> [TASK GOAL]
Only the lines from the one containing "全 长:390mm 刃" to the end of the data below belong in the answer, each repeated exactly; no pictures.

(Entries taken from a collection)
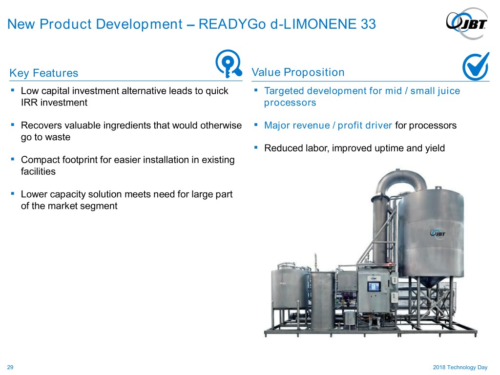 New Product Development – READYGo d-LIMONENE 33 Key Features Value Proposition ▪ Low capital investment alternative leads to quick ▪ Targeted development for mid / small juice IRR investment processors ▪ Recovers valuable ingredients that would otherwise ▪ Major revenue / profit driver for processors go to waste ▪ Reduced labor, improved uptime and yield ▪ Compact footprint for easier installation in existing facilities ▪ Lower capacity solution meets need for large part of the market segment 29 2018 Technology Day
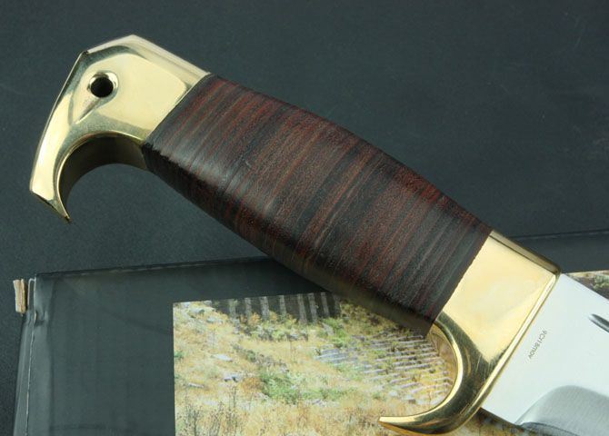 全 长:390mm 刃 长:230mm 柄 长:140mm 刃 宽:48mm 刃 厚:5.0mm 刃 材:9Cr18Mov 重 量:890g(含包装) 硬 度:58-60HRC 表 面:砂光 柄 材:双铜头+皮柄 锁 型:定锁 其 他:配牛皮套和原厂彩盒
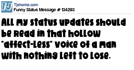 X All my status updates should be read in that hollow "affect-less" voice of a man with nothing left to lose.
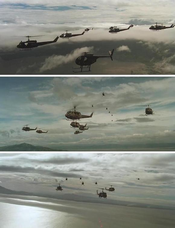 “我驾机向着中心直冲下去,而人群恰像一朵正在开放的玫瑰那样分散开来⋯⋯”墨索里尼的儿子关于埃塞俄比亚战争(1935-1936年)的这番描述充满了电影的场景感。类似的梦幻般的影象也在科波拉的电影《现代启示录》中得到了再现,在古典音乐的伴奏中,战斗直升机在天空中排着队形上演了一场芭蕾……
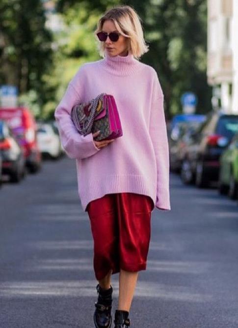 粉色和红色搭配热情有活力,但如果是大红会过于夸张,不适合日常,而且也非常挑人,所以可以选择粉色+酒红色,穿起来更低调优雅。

> [WRITTEN SOLUTION]
 全 长:390mm 刃 长:230mm 柄 长:140mm 刃 宽:48mm 刃 厚:5.0mm 刃 材:9Cr18Mov 重 量:890g(含包装) 硬 度:58-60HRC 表 面:砂光 柄 材:双铜头+皮柄 锁 型:定锁 其 他:配牛皮套和原厂彩盒
 X All my status updates should be read in that hollow "affect-less" voice of a man with nothing left to lose.
 “我驾机向着中心直冲下去,而人群恰像一朵正在开放的玫瑰那样分散开来⋯⋯”墨索里尼的儿子关于埃塞俄比亚战争(1935-1936年)的这番描述充满了电影的场景感。类似的梦幻般的影象也在科波拉的电影《现代启示录》中得到了再现,在古典音乐的伴奏中,战斗直升机在天空中排着队形上演了一场芭蕾……
 粉色和红色搭配热情有活力,但如果是大红会过于夸张,不适合日常,而且也非常挑人,所以可以选择粉色+酒红色,穿起来更低调优雅。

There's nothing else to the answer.